A novel LES method for predicting drag reduction in viscoelastic fluid based on the time period of turbulence structures

Abstract

Direct numerical simulations (DNS) of turbulent channel flow of viscoelastic fluid were performed with the Oldroyd-B model as a constitutive equation to identify the temporal characteristics of turbulence structures. First, using the results of the DNS in a minimal flow unit (MFU), temporal variations in the energy input and dissipation rates in fully developed wall turbulence of viscoelastic fluid were observed and compared with those of Newtonian fluid. Then, a modified time scale reflecting the local turbulence state was proposed by considering the temporal variation in the viscous stretching stress intensity. It was also found that the idea of the modified time scale could be extended and applied locally to viscoelastic fluid turbulence in a more significant computational domain than MFU to investigate the temporal characteristics of the turbulence structures. Finally, using the local modified time scale, a prediction method employing large eddy simulation for Newtonian fluid turbulence was extended for viscoelastic fluid turbulence.
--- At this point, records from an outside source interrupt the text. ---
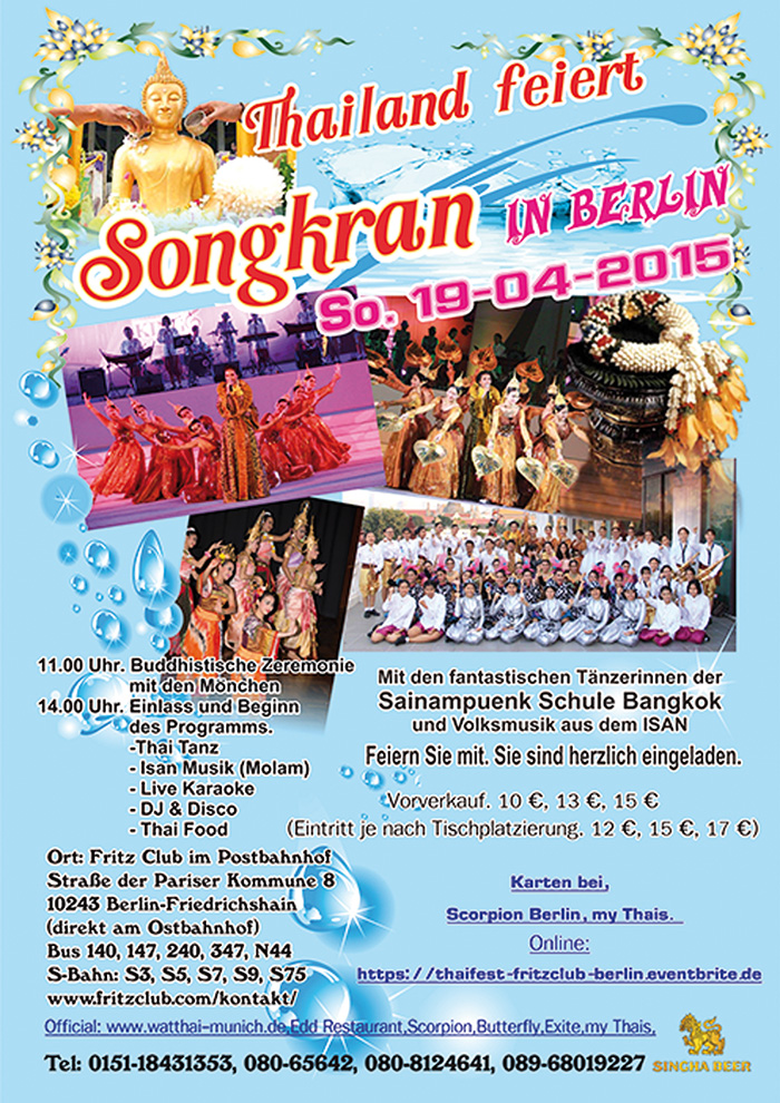 TAF Reisebüro stellt vor: Uzbekistan Airways Happy Birthday, Dimmy Bombe auf Koh Samui Edds Kolumne RA Bümlein informiert: Folgen der Scheidung (2) Franky Kuchenbecker: Farang und Lotusblüten Ching Chong/Herausgeber Verein Hoffnungsfunke Deutscher Hilfsverein Grosser Bericht: Meine erste Thailand-Reise Songkran in Berlin It's Thailand Kleinanzeigen News aus Thailand Solche Sachen Karneval der Kulturen Bootsverkehr in Bangkok Frühgeschichte Thailands: Teil 3: Suvarnabhumi Aus den Wats |
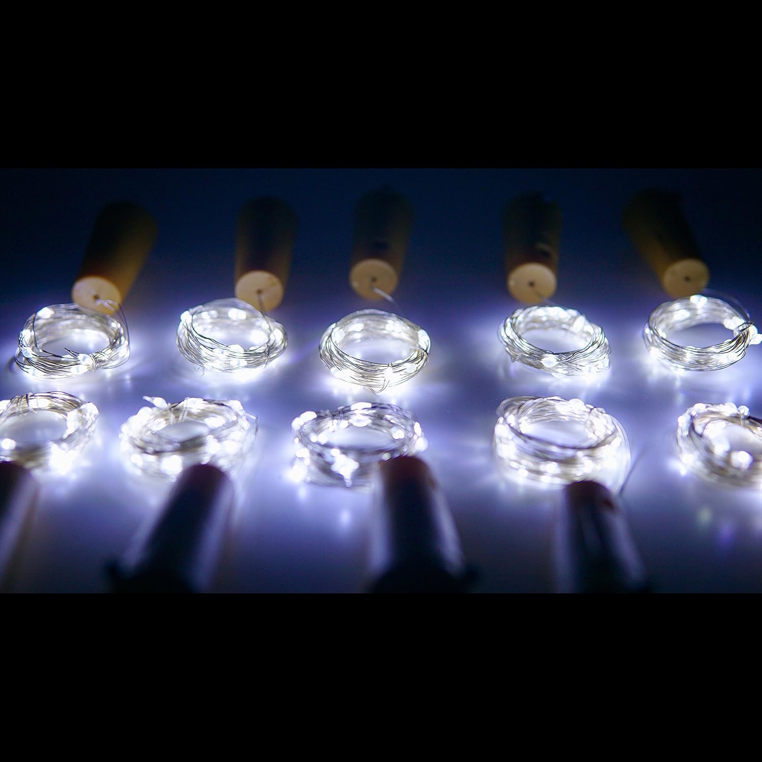 10 Pack 20 LED Wine Bottle Cork Lights Mini Fairy String Lights Copper Wire, Battery Operated Starry Lights for DIY, Festival, Wedding, Party, Indoor, Outdoor Decoration (Cool White)
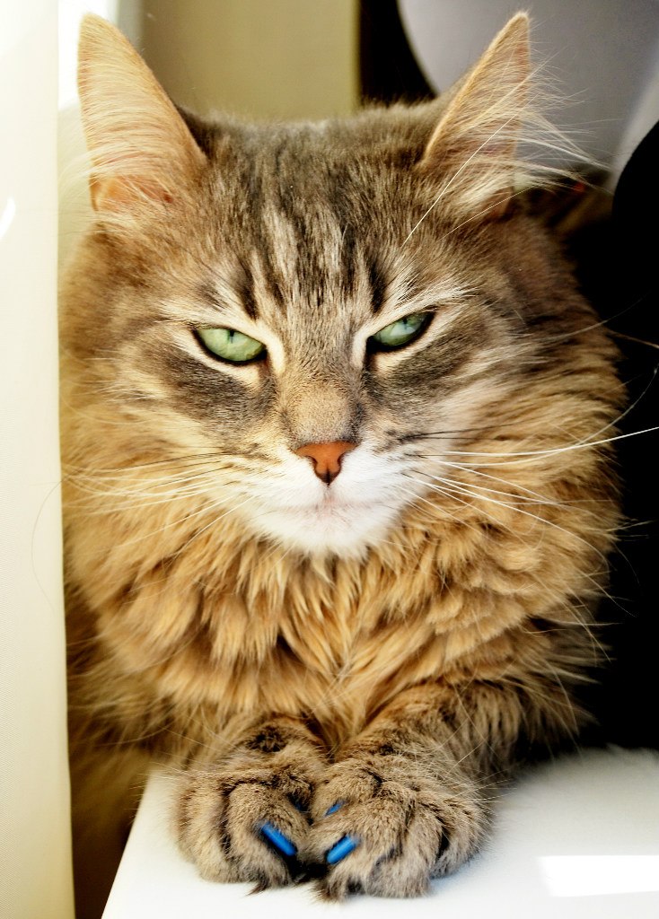 Главное подстрич ногтики и наклеить колпаки ибо котейка мяучит и злится т.е. не нравится ей, но а что поделать- терпит)))
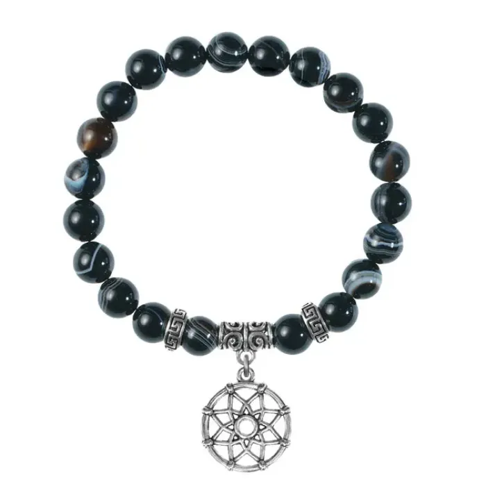 Браслет-амулет из натурального чёрного агата с подвеской из бижутерного сплава.

We proved that the drag reduction of viscoelastic fluid turbulence could be accurately predicted with a drag reduction ratio of approximately 40% by using the local modified time scale and the model in the constitutive equation. • The characteristics of viscoelastic fluid turbulence were observed from DNS results. • Active and hibernating turbulence states were compared with those in Newtonian fluid. • A local modified time scale which reflected the local turbulence state was proposed. • LES was extended using the modified time scale for viscoelastic fluid turbulence. • The proposed LES could predict the drag reduction of viscoelastic fluid turbulence.